Don't mess between RAKIA FZ ( from the RAK Investment Authority) and the RAK FTZ that is different.

You should check about the difference about the licence prices and renewals


----------



## Mr Rossi (May 16, 2009)

I think everyone should make company formation decisions based on car parking and how far it is the nearest pub.


----------



## adrianh (Sep 20, 2008)

It is RAK FZ office not RAKIA!!


----------



## adrianh (Sep 20, 2008)

And in reply to Mr. Rossi the information was posted to help others and in genuine good faith and not be made a joke of. A


----------



## md000 (Dec 16, 2008)

adrianh said:


> And in reply to Mr. Rossi the information was posted to help others and in genuine good faith and not be made a joke of. A


Then again, I thought it was quite humorous.

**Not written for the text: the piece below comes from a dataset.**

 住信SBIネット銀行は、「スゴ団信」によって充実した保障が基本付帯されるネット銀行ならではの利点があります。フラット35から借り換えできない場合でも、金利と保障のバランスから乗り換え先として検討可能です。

If we use your logic, I can walk from my office to the Bonnington in JLT freezone. They have a nice pub - and in my opinion - better than the BBC in Festival City (the food has gone downhill in the past 3 years). 

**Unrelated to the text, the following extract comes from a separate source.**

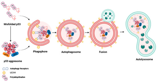 Aggregation-prone mutp53 mediates the sequestration of various tumor suppressors, including wtp53, p63, and p73 [22], in intracellular aggregates that are too large to fit in the gated channels of the proteasome, preventing their degradation by the proteasome [145]. These large cytoplasmic inclusion bodies, which act as disposal devices that will eventually be degraded via autophagy, are called aggresomes [146]. The presence of mutp53 in these cytosolic structures is important evidence that autophagy is a key route for mutp53 aggresome degradation. Specific autophagy of aggresomes or misfolded proteins is known as aggrephagy [39] (Figure 2).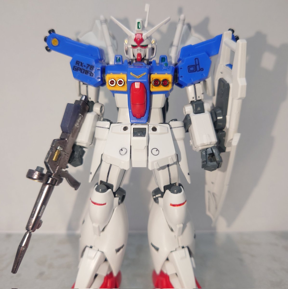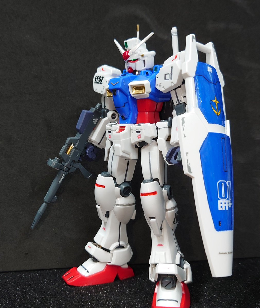 HG RX-78-GP01 ゼフィランサス 盾に苦戦しましたが、なんとか出来ました。 部分塗装して、所々スジ彫りして、合わせ目消しして、スミ入れしてと自分にやれる事を全部した機体になりました。 #ガンプラ #ガンプラ好きと繋がりたい #ガンプラの画像を貼るとRTされると聞いて

While I am not a snob, heading over to some of the places in DIFC (also a freezone) is quite nice and luxurious. 

just sayin....

-md000/Mike


----------



## crazygirl (Nov 17, 2011)

fcjb1970 said:


> I would think you would want to put a little more research into the idea of setting up your own company. There is a good deal of information already available on this site, about various ways to set up a freezone company and some costs. RAK is a good option, but there are others


Everyhthing is out there for research but I am here and if the prices were posted here it would help me and others.


----------



## md000 (Dec 16, 2008)

crazygirl said:


> Everyhthing is out there for research but I am here and if the prices were posted here it would help me and others.



You also have to take into consideration that this forum has an ephemeral aspect to it. The prices posted today may not be the prices posted tomorrow. 

In addition, the "price" you seek isn't the only one. There are numerous hidden costs that aren't stated.

-md000/Mike


----------